Skeena B.C. Liberal MLA Ellis Ross says he’s going to keep up the political fight for a sign that the new Mills Memorial Hospital project is actually going to go ahead. (Quinn Bender photo)

New Mills Memorial project said to be on track

But Skeena MLA Ellis Ross not convinced

There’s no need to hit the panic button just yet because the Mills Memorial Hospital replacement project isn’t visible in this year’s provincial budget, said Terrace city councillor Sean Bujtas at a Terrace and District Chamber of Commerce luncheon March 8. 

The business plan to define the size and cost of the project needs approval by the Treasury Board, the committee of the provincial cabinet which sets out spending plans, but it isn’t finished, said Bujtas who is also one of the city’s representatives on the Kitimat-Stikine regional district and on the North West Regional Hospital Board.

His comments arose during an exchange with BC Liberal Skeena MLA Ellis Ross who, as the luncheon guest speaker, said he went through his copy of the budget the day it was presented only to find that “Mills Memorial is not in the budget.”

READ MORE: Mills Memorial Hospital financing formula released

While Ross acknowledged there have been announcements that a new Mills will be built, “that doesn’t matter.

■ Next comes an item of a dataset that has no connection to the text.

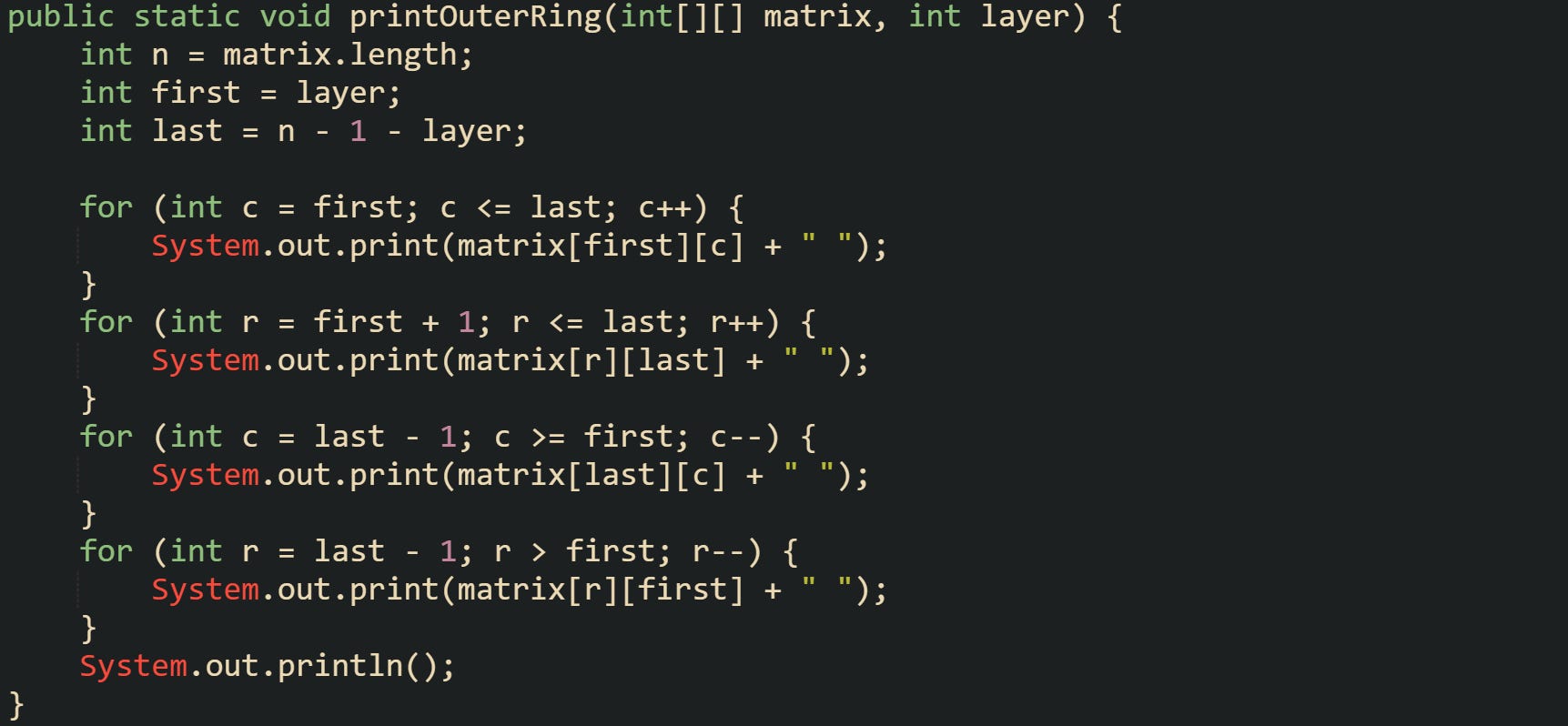 ![public static void printOuterRing(int[][] matrix, int layer) { int n = matrix.length; int first = layer; int last = n - 1 - layer; for (int c = first; c <= last; c++) { System.out.print(matrix[first][c] + " "); } for (int r = first + 1; r <= last; r++) { System.out.print(matrix[r][last] + " "); } for (int c = last - 1; c >= first; c--) { System.out.print(matrix[last][c] + " "); } for (int r = last - 1; r > first; r--) { System.out.print(matrix[r][first] + " "); } System.out.println(); } public static void printOuterRing(int[][] matrix, int layer) { int n = matrix.length; int first = layer; int last = n - 1 - layer; for (int c = first; c <= last; c++) { System.out.print(matrix[first][c] + " "); } for (int r = first + 1; r <= last; r++) { System.out.print(matrix[r][last] + " "); } for (int c = last - 1; c >= first; c--) { System.out.print(matrix[last][c] + " "); } for (int r = last - 1; r > first; r--) { System.out.print(matrix[r][first] + " "); } System.out.println(); }](https://substackcdn.com/image/fetch/$s_!BhTf!,w_2400,c_limit,f_auto,q_auto:good,fl_progressive:steep/https%3A%2F%2Fsubstack-post-media.s3.amazonaws.com%2Fpublic%2Fimages%2F89f82612-e748-452f-970c-867413789f7a_1723x798.png)

What matters is [if] it’s in the budget.”

Further, Ross continued, the project isn’t within the three-year projection of major capital projects.

And he said even if the project is approved by the provincial Treasury Board, it is the government through the cabinet that makes the final decision on projects.

Ross said there have been cases of projects being approved by the Treasury Board but which were then cancelled by provincial governments.

“So our job is to keep the pressure up. We’ve got to keep it in cabinet’s mind,” Ross added.

“So my job is to make sure government knows. I’m fully aware of the politics, I’m fully aware of the process. I just want to see that when I flip open the budget, that Mills Memorial is there as a line item.”

During a question and answer period, Bujtas said the Mills project is about three to four years within a 10-year time frame from planning to opening and that when local officials met with health minister Adrian Dix last fall, he told them the project was ahead of similar ones in the province.

And since the business plan isn’t finished, “how can it be in the budget if they don’t know exactly how much it’s going to cost,” Bujtas said.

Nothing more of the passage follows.